En fin de compte cette Madame Miller est-elle montée dans ce train ? A-t-elle disparu ? Joue-t-elle avec nos nerfs ?
A vous de le découvrir en suivant l’enquête méticuleuse d’Arthur Conan Doyle !
Les musiques d’Hervé Devolder qui définissent les tableaux, donnent de la légèreté à ces investigations, qui par un certain côté nous apaisent, dans un humour qui nous apporte des rires providentiels. Par ailleurs des vidéos projetées sur la vitre du wagon, pendant que le train roule, donnent l’impression qu’il circule paisiblement, ne tenant pas compte du drame qui se joue devant nous, spectateurs incrédules.
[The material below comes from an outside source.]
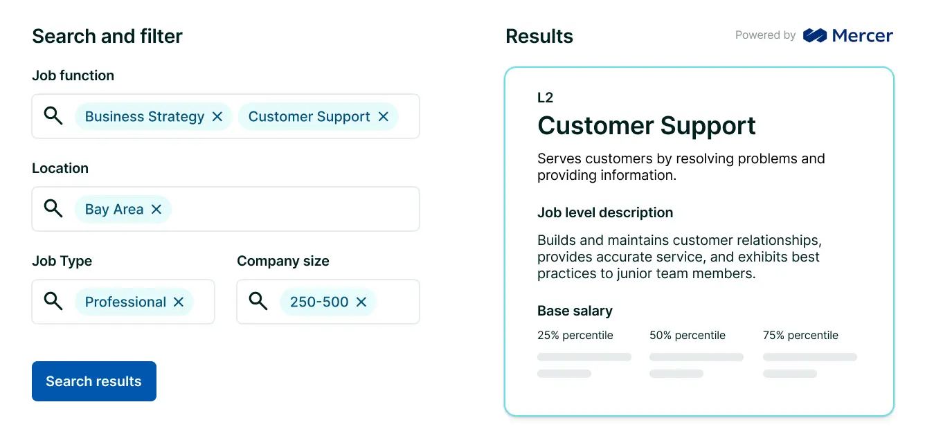 Get accurate market benchmarks based on role, level, geography and more to inform your compensation rates. Powered by Mercer.

Les costumes d’Axel Boursier accentuent la mise en valeur des comédiens pleinement investis dans leur mission.
Julien Lefebvre, une fois encore dans un rythme qui lui est particulier, ne nous laissant pas le temps de réfléchir à la découverte du possible « meurtrier », nous fait la démonstration d’une maîtrise de son art dans un opus truffé de pièges mais des plus croustillants. Il manie le verbe habilement pour en extraire tous les sucs dévoilant à nos yeux éblouis, dans un équilibre parfait, un succès mérité.
« Les voyageurs du crime » le 16 mai à La gare du midi à Biarritz, produit par Le Renard Argenté, en tournée via Pascal Legros organisation, le 24 mai à Maisons-Alfort, le 25 mai à Saint-Dizier, le 27 mai à Toulon, à partir du 11 septembre au théâtre du Splendid à Paris.